CHELMSFORD, Mass.—Mercury Computer Systems Inc. and Boston University have successfully migrated a fragment-based drug design (FBDD) application to the Cell Broadband Engine (BE) processor, achieving an order of magnitude improvement in processing time in a smaller system footprint over previous configurations.
FBDD is a promising new approach in the pharmaceutical discovery and design industry that depends heavily on computer simulation. FBDD simulates the chemistry and physics of molecular interactions in order to estimate how well potential drugs will bind to their target proteins. The joint goal of the Mercury-BU collaboration is to leverage the team's experience and know-how to develop innovative, commercially viable drug discovery products that, unlike similar methods used both in academia and industry, don't require X-ray crystallography, NMR or other supportive methodologies.

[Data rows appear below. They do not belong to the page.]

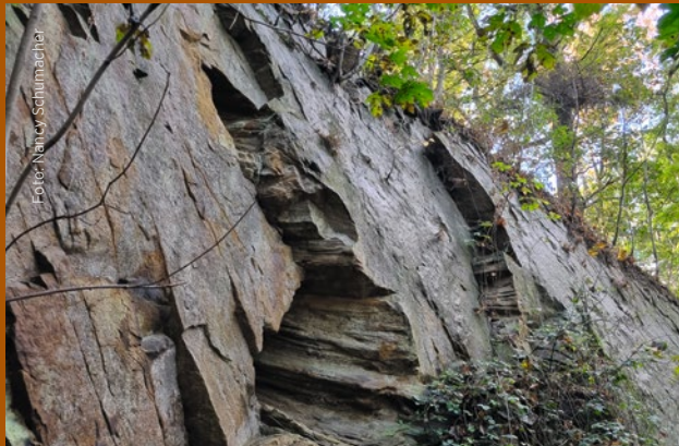
Fossiler Baumstamm am Geostopp 3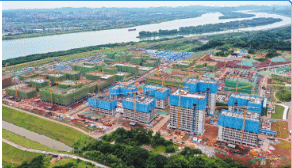
6月20日，湖南大学科创港校区建设（一标段）项目迎来首批楼栋主体结构封顶。

长沙晚报6月20日讯（全媒体记者 邓艳红 通讯员 杨彬翰）6月19日，竖店影视基地全面施工仪式在望城铜官窑国风乐园举行。这座集短剧拍摄、影视人才培养、产业服务于一体的全链条基地正式迈入建设快车道，将为中部影视产业发展注入强劲动力。 据了解，整个建设工程预计在9月30日前完成近2000万元投入，届时将有约1000名学生入驻，成为重要的影视人才培养基地。此外，基地从今年国庆节起将逐步对外开放，承接剧组进入拍摄。 此次建设项目亮点十足，涵盖学生片场、宿舍、教室、食堂等核心项目；片场规划了候机厅、地铁内景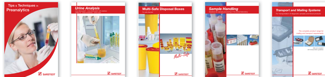
Prospecto 453 Prospecto 219 Prospecto 412 Prospecto 419 Prospecto 458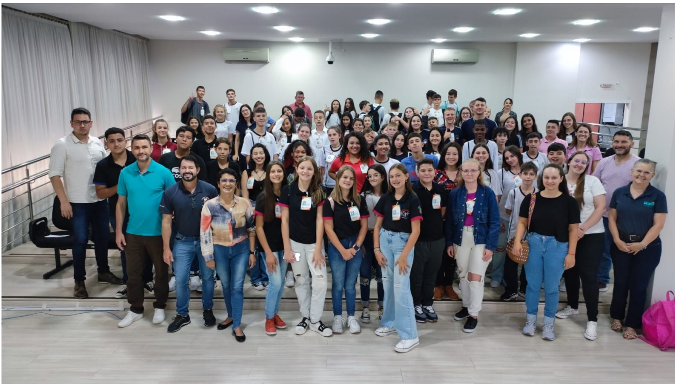
Figura 148: Vereadores mirins das Câmaras pertencentes à Acanor, em capacitação no Plenário Vereador Lídio Sutilli

Para auxiliar as Câmaras e Executivo Mirins da região no desempenho do mandato recém-iniciado, em 05 de abril houve capacitação, no auditório da Casa de Leis de São Lourenço do Oeste, envolvendo os municípios que compõem a Acanor. No evento, desenvolvido em parceria com a Escola do Legislativo da Alesc, foram tratados os temas: o papel do vereador; Constituição Federal e o Poder Legislativo; e argumentação e oratória.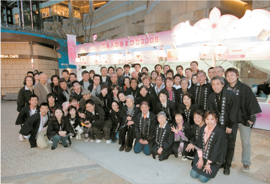
みんなが力を合わせて春まつりは大盛況! @4/9 六本人の春まつり 2006 Fun and Festive Spirit! @ Roppongi Hills Spring Festival 2006 4/9

"This approach has the potential to revolutionize the cost and pace of new drug development," says Dr. Sandor Vajda, professor of biomedical engineering at BU. "With Mercury's hardware, software, and assistance in algorithm optimization, this method is more commercially viable."
The Structural Bioinformatics Lab of BU initially developed a highly regarded FBDD tool that creates a map of likely drug binding sites on the surface of proteins. However, this program took weeks to run on a departmental Linux cluster. Although later software iterations led to significant improvements on the Linux cluster, and even more dramatic improvements running on an IBM Blue Gene cluster, neither rivaled the processing speeds achieved on Mercury's Cell BE processor-based hardware.
The team successfully migrated the FBDD computer simulation in progressive steps from a shared departmental Linux cluster running for weeks to a single Cell BE processor running for less than three minutes. Mercury and BU report that the average computation time for the application running on the Cell BE processor is approximately 10 times faster than the same application running on a BlueGene processor, in a chip-to-chip comparison. This enhanced speed will enable biotech firms to use the newly created algorithms as a small molecule discovery and design platform.
"Moving away from a shared supercomputing infrastructure on a cluster to a dedicated supercomputer on a single Cell BE processor can make a tremendous difference in productivity for a development team," said Mirza Cifric, director of the Biotech group at Mercury Computer Systems.
Clusters are traditionally collections of otherwise independent computers, such as Pentium workstations or rack-mounted PCs. "Conversely, multi-core processors such as Cell BE are a collection of processing element that share the same silicon providing, in effect, multiple PCs on one chip," Cifric explains.